Pour les dirigeants, cette réforme impose un audit beaucoup plus fin de la holding. Il ne suffit plus de raisonner en termes de détention, de transmission ou de remontée de dividendes. Il faut désormais analyser la nature exacte des actifs détenus, leur affectation réelle, la proportion de revenus passifs et la cohérence économique d’ensemble.

Autrement dit, la holding reste un outil pertinent, mais elle ne peut plus être utilisée avec la même souplesse lorsque des actifs de jouissance ou de prestige sont logés dans la structure. La réforme pousse à une structuration plus rigoureuse et à une documentation plus solide.

Les autres mesures 2026 qui touchent les holdings

La taxe sur les actifs somptuaires n’est pas la seule évolution de la loi de finances pour 2026. Le régime de l’apport-cession prévu à l’article 150-0 B ter a été durci : le seuil de remploi passe de 60 % à 70 %, le délai de réinvestissement est allongé de 2 à 3 ans, et la durée minimale de conservation du remploi est portée à 5 ans.

Le pacte Dutreil a lui aussi été resserré. L’exonération de 75 % ne porte plus indistinctement sur toute la valeur des titres, mais seulement sur les biens affectés à l’activité opérationnelle. De plus, la durée d’engagement individuel de conservation passe de 4 à 6 ans.

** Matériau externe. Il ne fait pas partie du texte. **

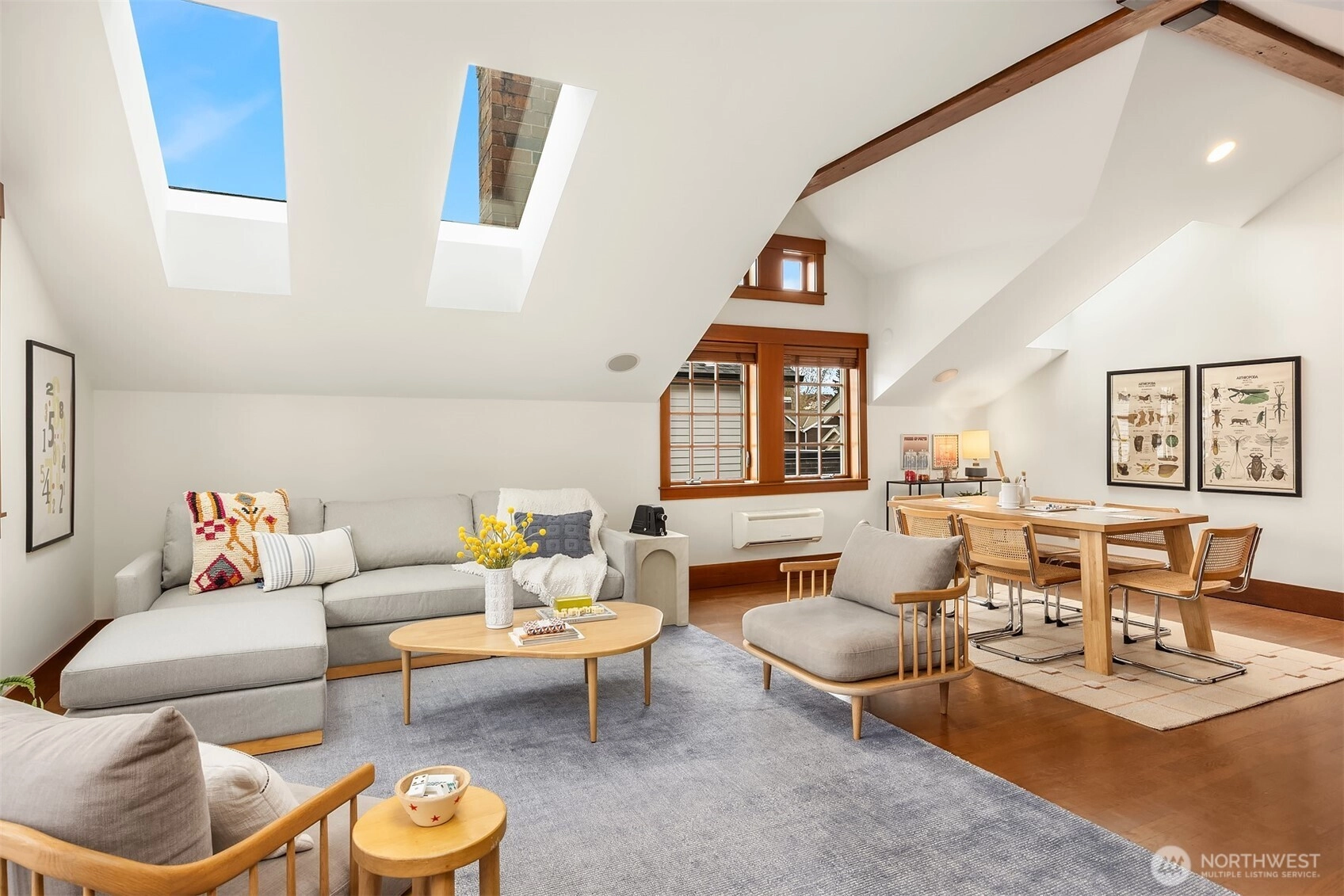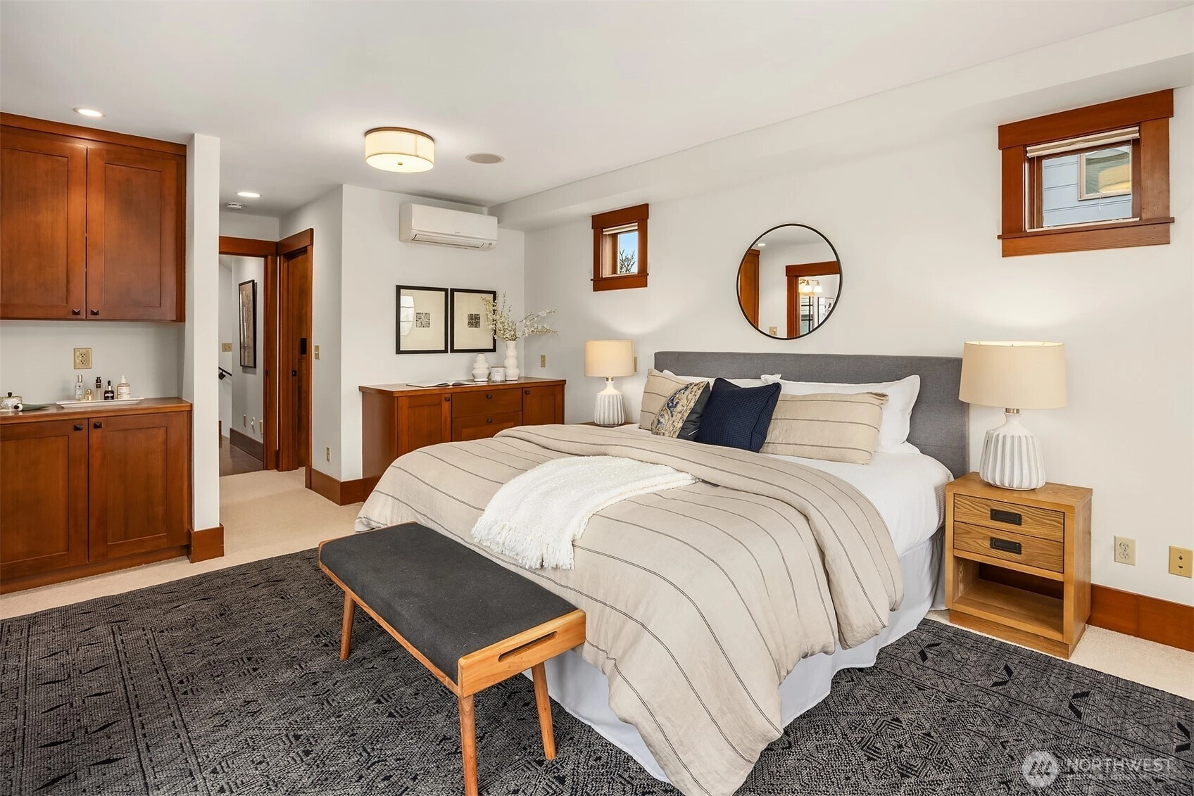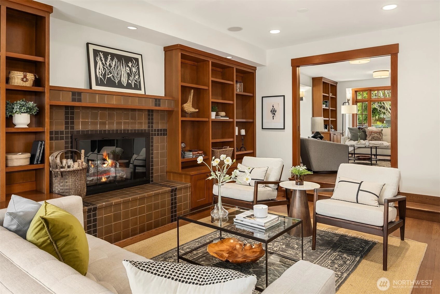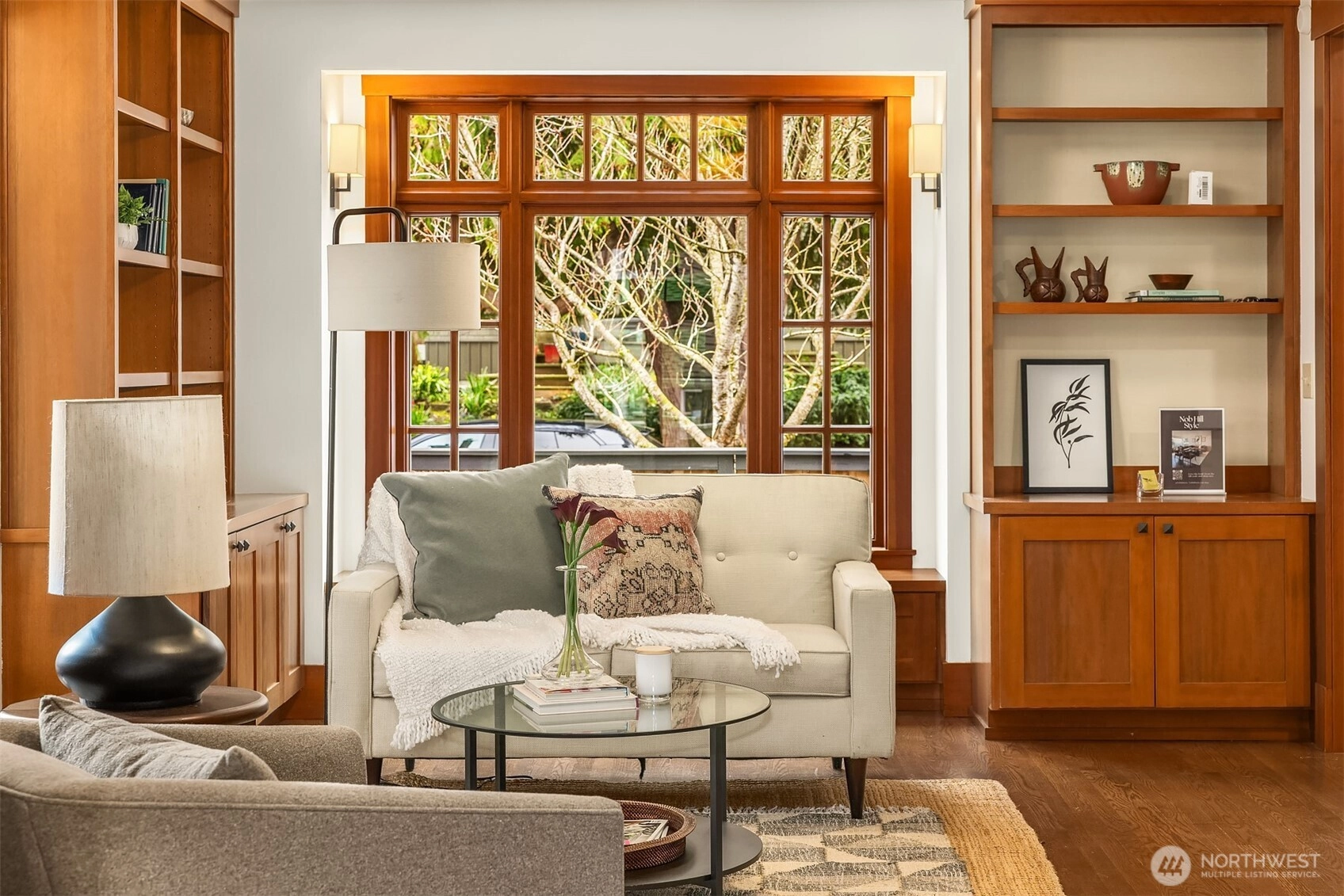 Fabulous, like-new shingled Madrona home in superb condition nestled atop the hill- Stylish residence with Beautiful finish work throughout found in all rooms and sophisticated, elegant floor plan. Kitchen-family room offers outdoor dining, cozy fireplace, as well as top of the line appliances including new Wolf range-oven. Large kitchen island, pretty dining room. Gucci-papered powder room! Expansive primary suite with balcony, and sun-filled bath. Two additional bedrooms on second level, each quite spacious, and a bedroom/ bath on third floor adjacent to the rare and inviting top floor bonus room. Spacious deck with "bridge to bridge" panoramic Lake Washington and Cascade views. The very special detached studio space is ideal for home office, exercise, retreat or playroom! Quality construction with oak floors, excellent wood windows and French doors. EV Car Charger. Two-car tandem garage. Gas furnace and mini-splits with AC. Friendly neighborhood locale close to the best of popular Madrona- quaint shops, restaurants, coffee shops and galleries as well as City library and transportation. SF includes 306 sf finished detached studio.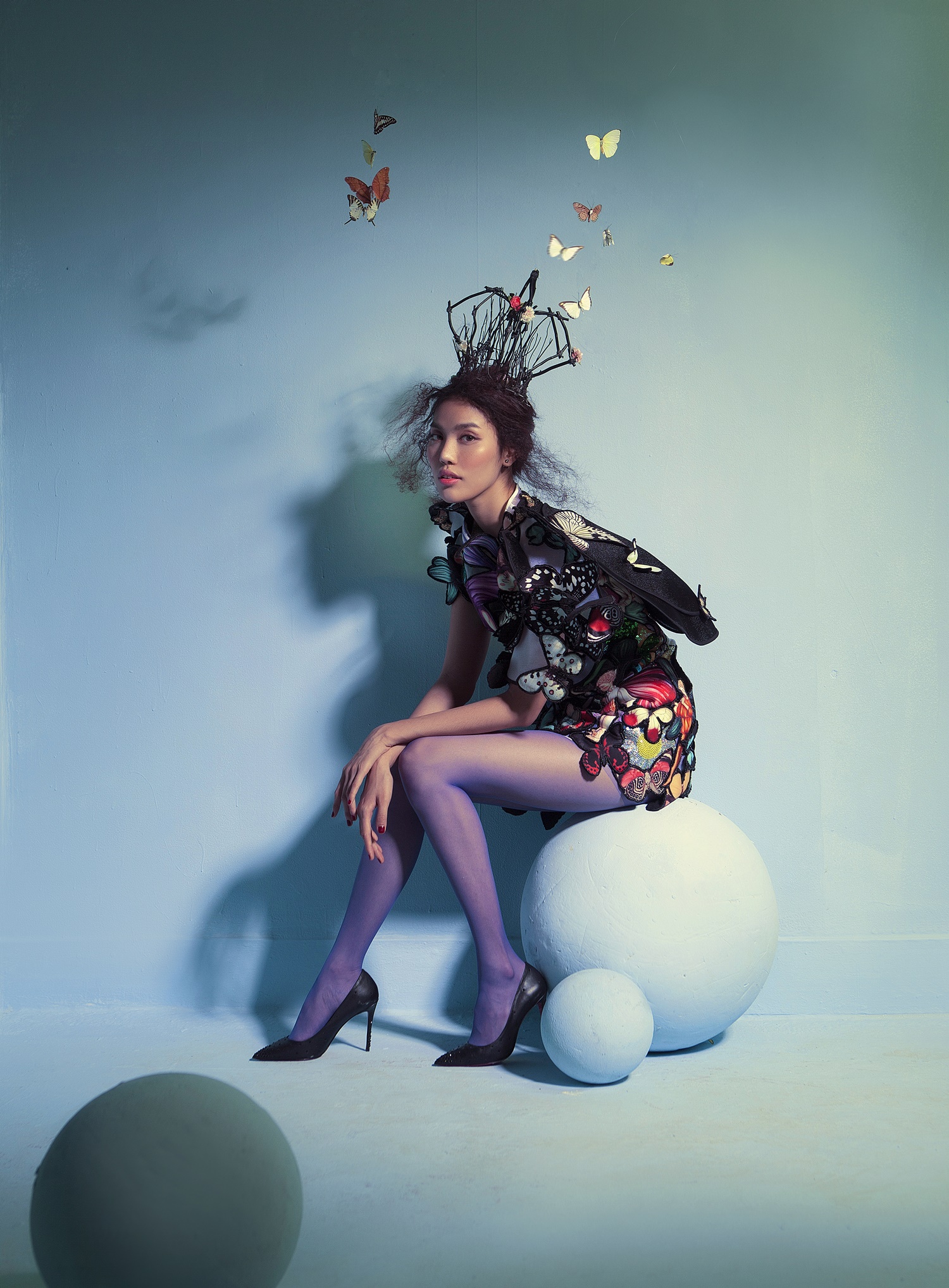 Sự tô điểm của những chú bướm đủ để “vườn xuân” của Hoàng Thùy trở nên cuốn hút, đầy mê hoặc.

En clair, la fiscalité 2026 ne supprime pas la holding, mais elle impose désormais un niveau d’exigence bien plus fort sur la réalité économique des montages.

Conclusion : une taxe ciblée, mais un signal fiscal fort

La taxe sur les holdings 2026 ne vise pas toutes les holdings. Elle cible principalement les structures patrimoniales qui logent certains actifs de jouissance ou de prestige et dont les revenus sont majoritairement passifs. Sur le plan technique, l’assiette a été resserrée. Mais sur le plan politique et patrimonial, le signal est très fort.

En pratique, la question n’est plus simplement de savoir si une holding est utile. Elle l’est toujours. La vraie question est désormais de savoir si les actifs détenus, la nature des revenus et la logique d’ensemble du schéma sont suffisamment cohérents pour résister à ce nouveau cadre fiscal. C’est là que se jouera la sécurité des stratégies patrimoniales dans les prochaines années.

FAQ – Taxe sur les holdings 2026

La loi de finances 2026 remet-elle en cause l’intérêt des holdings ?

Non. La holding reste un outil central d’organisation, de transmission et de financement. La réforme vise surtout à encadrer certains montages patrimoniaux et les actifs de jouissance détenus dans ces structures.

Qui est concerné par la taxe sur les actifs somptuaires ?

Les sociétés soumises à l’IS ou à un impôt équivalent dont les actifs dépassent 5 millions d’euros, contrôlées par une personne physique et percevant majoritairement des revenus passifs.

Quel est le taux de la taxe sur les holdings en 2026 ?

Le taux est de 20 % sur la valeur vénale des actifs taxables.

Quels actifs sont visés par la nouvelle taxe holding ?

Les actifs visés sont principalement les biens de jouissance ou de prestige non affectés à une activité opérationnelle : certains immeubles de jouissance, véhicules de tourisme, yachts, bijoux, métaux précieux, vins et alcools, notamment.

Les dividendes provenant de filiales opérationnelles sont-ils des revenus passifs ?

Oui. Le texte inclut expressément les dividendes dans les revenus passifs retenus pour apprécier le champ du dispositif.

Peut-on déduire les dettes pour calculer la taxe ?

Le dispositif est très encadré sur ce point et la logique générale est restrictive. Les analyses publiées après promulgation soulignent que les dettes ne sont pas librement déductibles, en particulier lorsqu’elles relèvent de logiques intragroupe ou familiales.

La taxe sur les holdings est-elle déductible de l’impôt sur les sociétés ?

Non, elle n’est pas déductible du résultat imposable à l’IS. Cette lecture ressort des commentaires spécialisés sur la réforme et de la logique du dispositif.

Le régime de l’apport-cession est-il encore intéressant en 2026 ?

Oui, mais il est devenu plus contraignant. Il nécessite désormais un réinvestissement plus important, dans un délai plus long, avec une conservation du remploi beaucoup plus exigeante.